■ **PROBLEM REQUIREMENTS**: Nothing but the pictures should go missing; return all the entries below exactly.

Start of TASK DATA

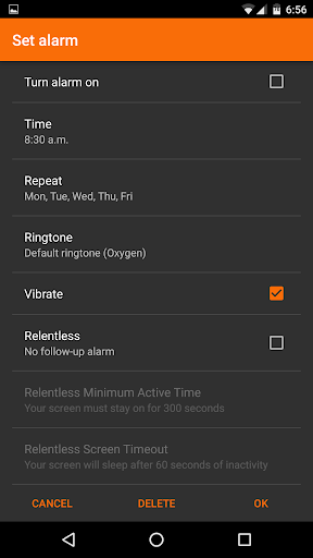 Relentless alarm forces you to use your phone for a duration of time before the alarm can be shut off for good. Don't worry, you won't be disturbed by the alarm constantly ringing. You can use your phone in peace, but once you stop and let the screen go to sleep, the alarm will start ringing again. The idea is to force yourself to stay awake for some time so you won't feel as tempted to go back to sleep afterwards, and to let you spend your time productively or enjoyably in the manner you choose instead of making you solve non-stop math problems.
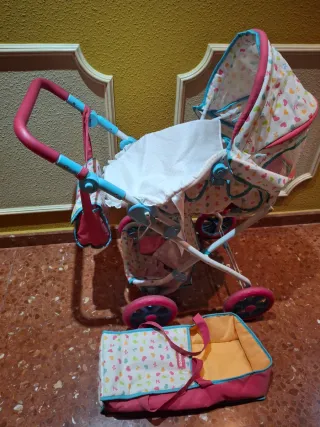 Este carrito de juguete es perfecto para las horas de juego. - Estructura de metal y plástico. - Diseño colorido con corazones y letras. - Incluye capazo extraíble. - Además se puede plegar
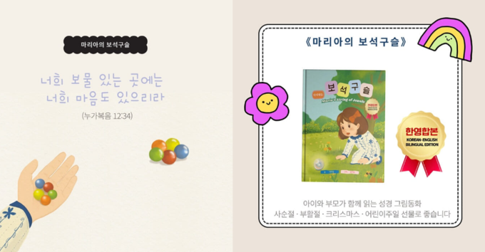 무엇보다 이번 책은 누가복음 12장34절(너희 보물 있는 곳에는 너희 마음도 있으리라) 말씀을 따뜻하게 풀어낸 그림동화로 모든 문장을 한국어-영어로 함께 수록했다.
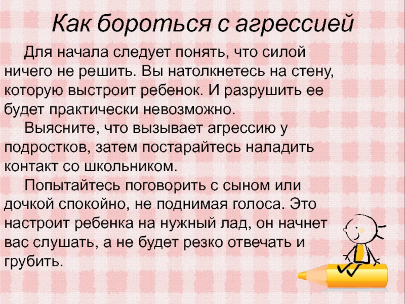 Выясните, что вызывает агрессию у подростков, затем постарайтесь наладить контакт со школьником.
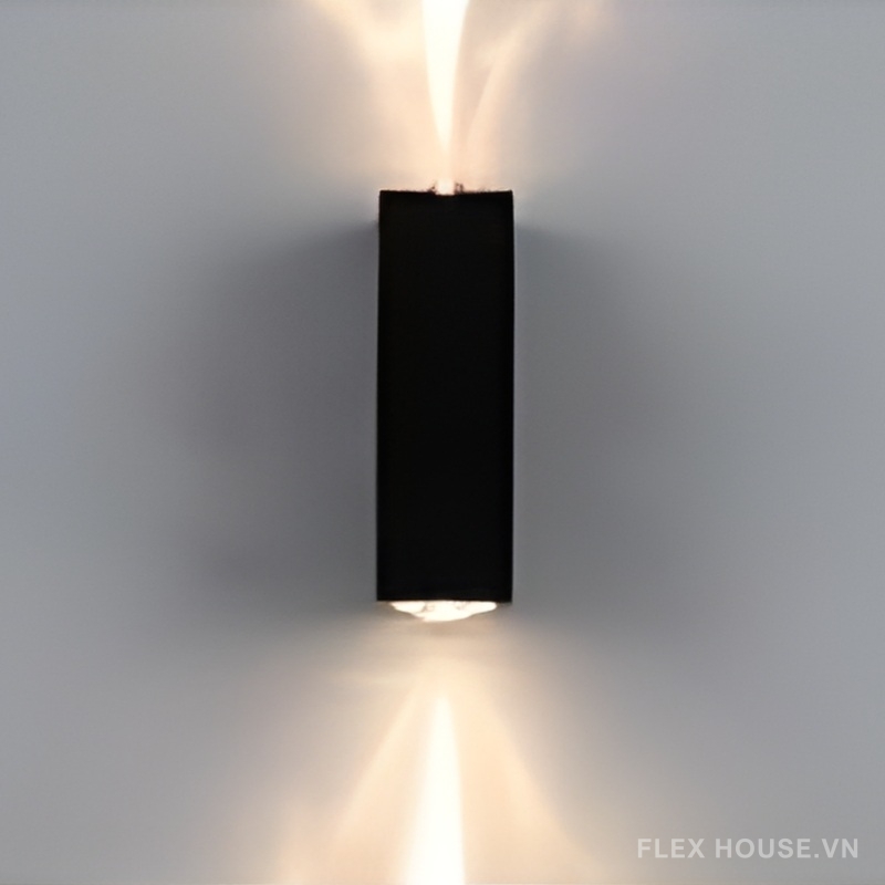 Điểm nổi bật của mẫu đèn tường này chính là hiệu ứng ánh sáng hai chiều, tạo mảng sáng đối xứng đẹp mắt, giúp tôn lên cấu trúc tường và tạo chiều sâu mỹ thuật cho không gian. Chất liệu sắt sơn tĩnh điện bền màu, chống oxy hoá, kết hợp chuẩn IP65 giúp đèn hoạt động tốt dưới nắng mưa.
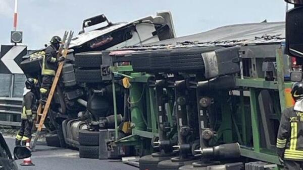 Scoppia un pneumatico, camion carico di uva si ribalta: tragedia sfiorata sull'A22
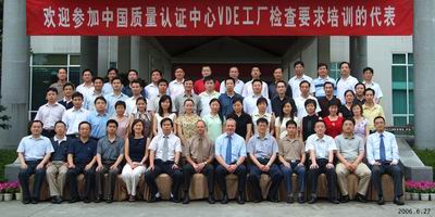 为扩大国际认证技术交流,加强中国质量认证中心(英文缩写CQC)与德国电器电子和信息技术协会(英文缩写VDE)的友好合作关系,2006年6月26日,VDE代表团应邀参加CQC在杭州举办的VDE工厂检查员培训班。来自CQC检查处、产品一处、培训中心、各分中心的54名检查员参加了培训。
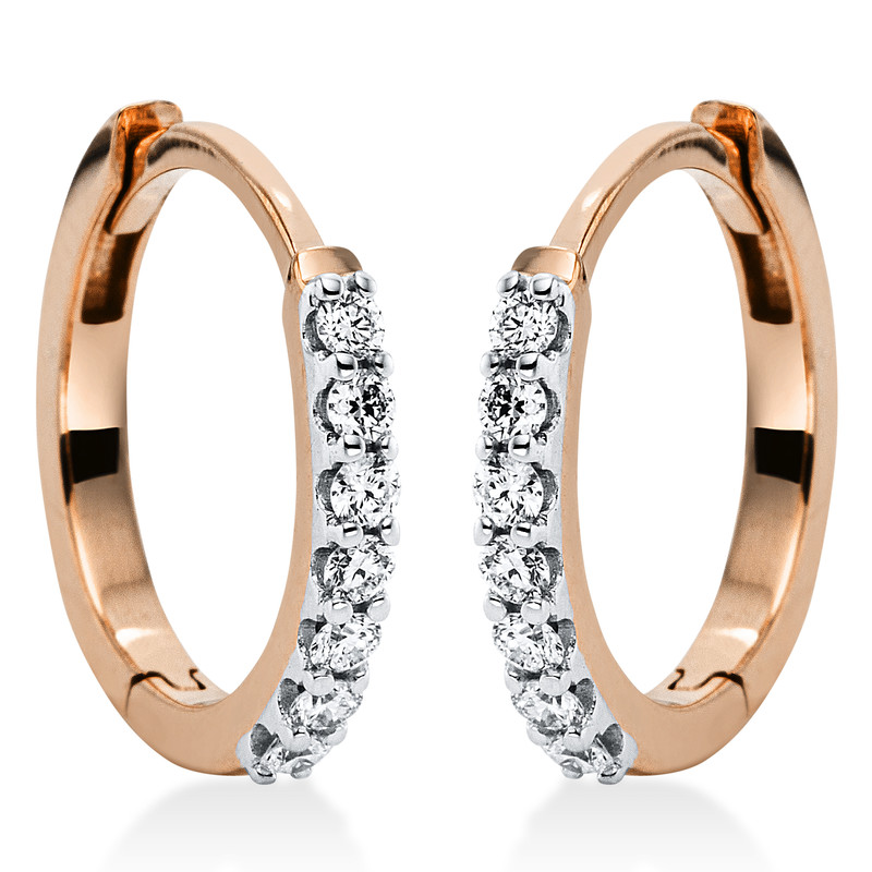 huggies 18 kt RG+WG, 14 diamonds 0,15 ct, G-si, h:11,9 mm, w:12,7 mm, th:1,5 mm
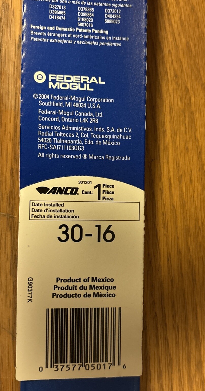 NOS ANCO 30-16 Premium Winter Metal Windshield Wiper Blade – 16" 406MM
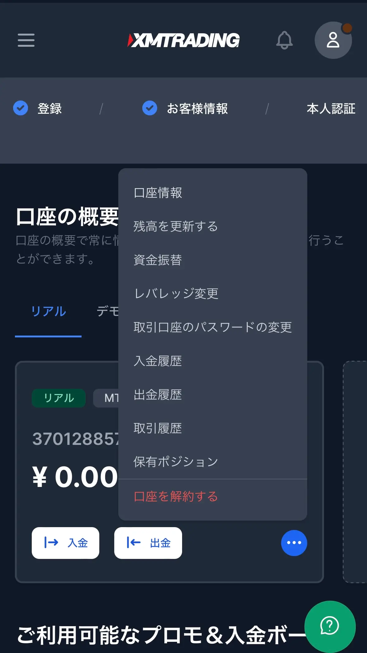 まずは、XMTradingの会員ページに「ログイン」して、レバレッジを確認したい口座の「メニューボタン」を押しましょう。
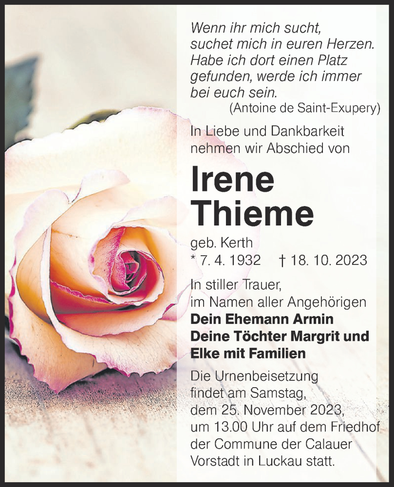 Hier finden Sie alle Traueranzeigen aus der Zeitung, die bisher für Irene Thieme erschienen sind. Weitere Traueranzeigen, die in der Zeitung erscheinen, werden hier ebenfalls aufgelistet
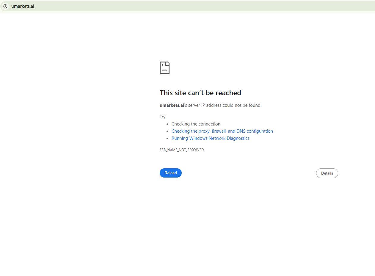 BrokersView found that the domain "https://umarkets.ai/" is currently inaccessible. This is widely regarded as a significant red flag, as the suspension of a broker's website often points to underlying regulatory or operational issues.
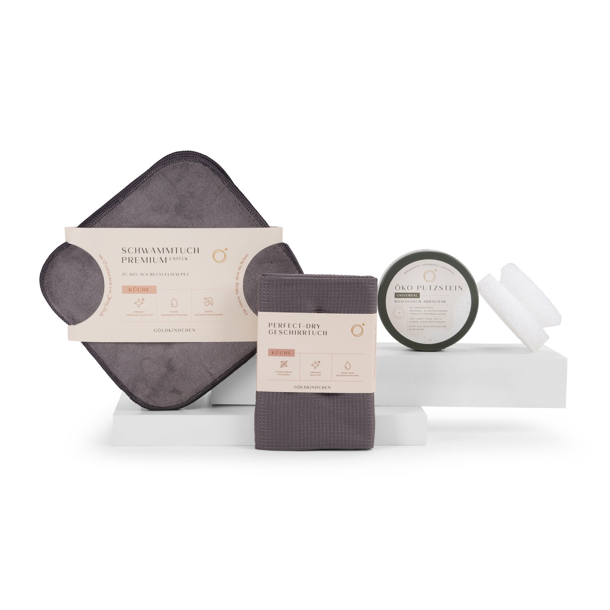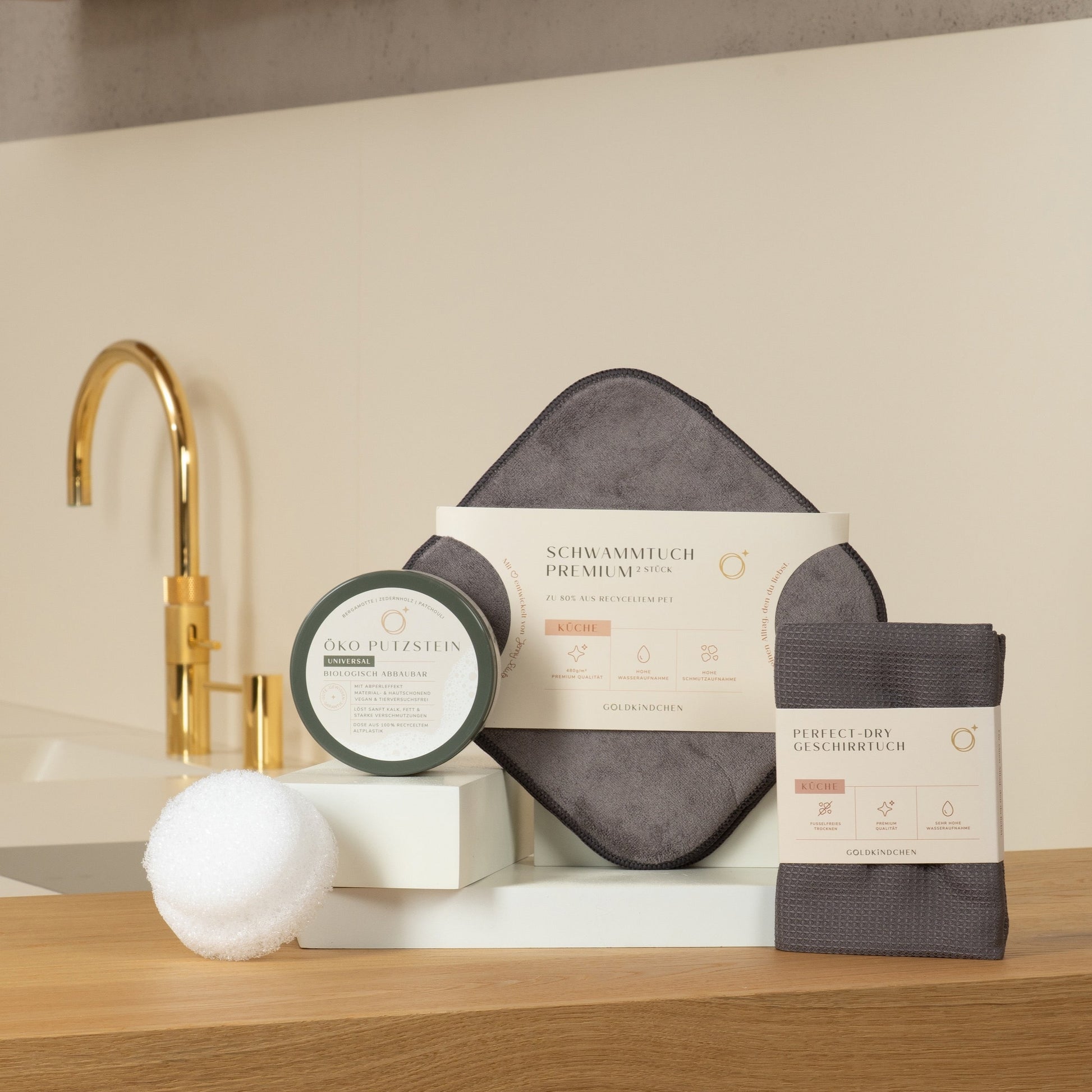 Die Premium Schwammtücher bestehen zu 80% aus recyceltem PET und zu 20% aus Polyamid.
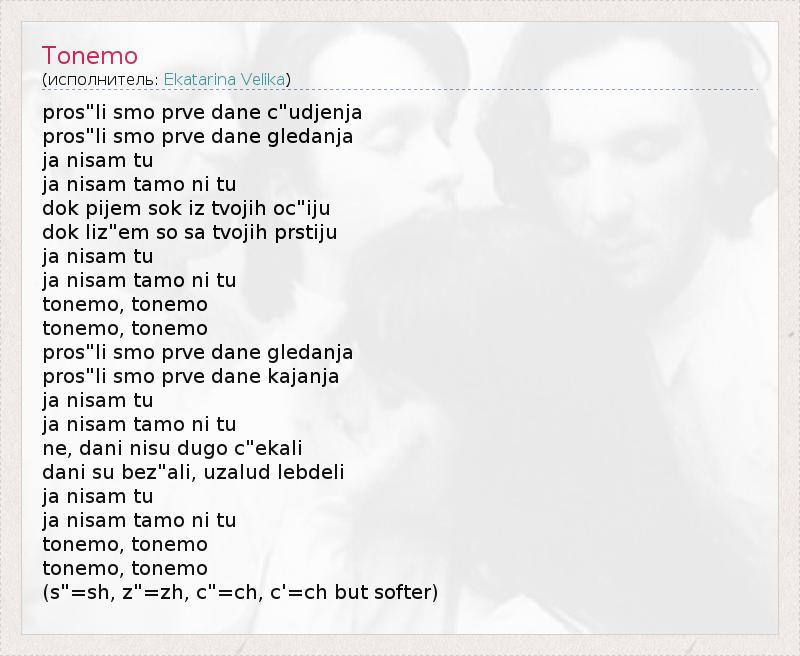 pros"li smo prve dane c"udjenja pros"li smo prve dane gledanja ja nisam tu ja nisam tamo ni tu dok pijem sok iz tvojih oc"iju dok liz"em so sa tvojih prstiju ja nisam tu ja nisam tamo ni tu tonemo, tonemo tonemo, tonemo pros"li smo prve dane gledanja pros"li smo prve dane kajanja ja nisam tu ja nisam tamo ni tu ne, dani nisu dugo c"ekali dani su bez"ali, uzalud lebdeli ja nisam tu ja nisam tamo ni tu tonemo, tonemo tonemo, tonemo (s"=sh, z"=zh, c"=ch, c'=ch but softer)

End of TASK DATA

■ **ANSWER BELOW**:
 Relentless alarm forces you to use your phone for a duration of time before the alarm can be shut off for good. Don't worry, you won't be disturbed by the alarm constantly ringing. You can use your phone in peace, but once you stop and let the screen go to sleep, the alarm will start ringing again. The idea is to force yourself to stay awake for some time so you won't feel as tempted to go back to sleep afterwards, and to let you spend your time productively or enjoyably in the manner you choose instead of making you solve non-stop math problems.
 Este carrito de juguete es perfecto para las horas de juego. - Estructura de metal y plástico. - Diseño colorido con corazones y letras. - Incluye capazo extraíble. - Además se puede plegar
 무엇보다 이번 책은 누가복음 12장34절(너희 보물 있는 곳에는 너희 마음도 있으리라) 말씀을 따뜻하게 풀어낸 그림동화로 모든 문장을 한국어-영어로 함께 수록했다.
 Выясните, что вызывает агрессию у подростков, затем постарайтесь наладить контакт со школьником.
 Điểm nổi bật của mẫu đèn tường này chính là hiệu ứng ánh sáng hai chiều, tạo mảng sáng đối xứng đẹp mắt, giúp tôn lên cấu trúc tường và tạo chiều sâu mỹ thuật cho không gian. Chất liệu sắt sơn tĩnh điện bền màu, chống oxy hoá, kết hợp chuẩn IP65 giúp đèn hoạt động tốt dưới nắng mưa.
 Scoppia un pneumatico, camion carico di uva si ribalta: tragedia sfiorata sull'A22
 为扩大国际认证技术交流,加强中国质量认证中心(英文缩写CQC)与德国电器电子和信息技术协会(英文缩写VDE)的友好合作关系,2006年6月26日,VDE代表团应邀参加CQC在杭州举办的VDE工厂检查员培训班。来自CQC检查处、产品一处、培训中心、各分中心的54名检查员参加了培训。
 huggies 18 kt RG+WG, 14 diamonds 0,15 ct, G-si, h:11,9 mm, w:12,7 mm, th:1,5 mm
 NOS ANCO 30-16 Premium Winter Metal Windshield Wiper Blade – 16" 406MM
 まずは、XMTradingの会員ページに「ログイン」して、レバレッジを確認したい口座の「メニューボタン」を押しましょう。
 Hier finden Sie alle Traueranzeigen aus der Zeitung, die bisher für Irene Thieme erschienen sind. Weitere Traueranzeigen, die in der Zeitung erscheinen, werden hier ebenfalls aufgelistet
 BrokersView found that the domain "https://umarkets.ai/" is currently inaccessible. This is widely regarded as a significant red flag, as the suspension of a broker's website often points to underlying regulatory or operational issues.
 Die Premium Schwammtücher bestehen zu 80% aus recyceltem PET und zu 20% aus Polyamid.
 pros"li smo prve dane c"udjenja pros"li smo prve dane gledanja ja nisam tu ja nisam tamo ni tu dok pijem sok iz tvojih oc"iju dok liz"em so sa tvojih prstiju ja nisam tu ja nisam tamo ni tu tonemo, tonemo tonemo, tonemo pros"li smo prve dane gledanja pros"li smo prve dane kajanja ja nisam tu ja nisam tamo ni tu ne, dani nisu dugo c"ekali dani su bez"ali, uzalud lebdeli ja nisam tu ja nisam tamo ni tu tonemo, tonemo tonemo, tonemo (s"=sh, z"=zh, c"=ch, c'=ch but softer)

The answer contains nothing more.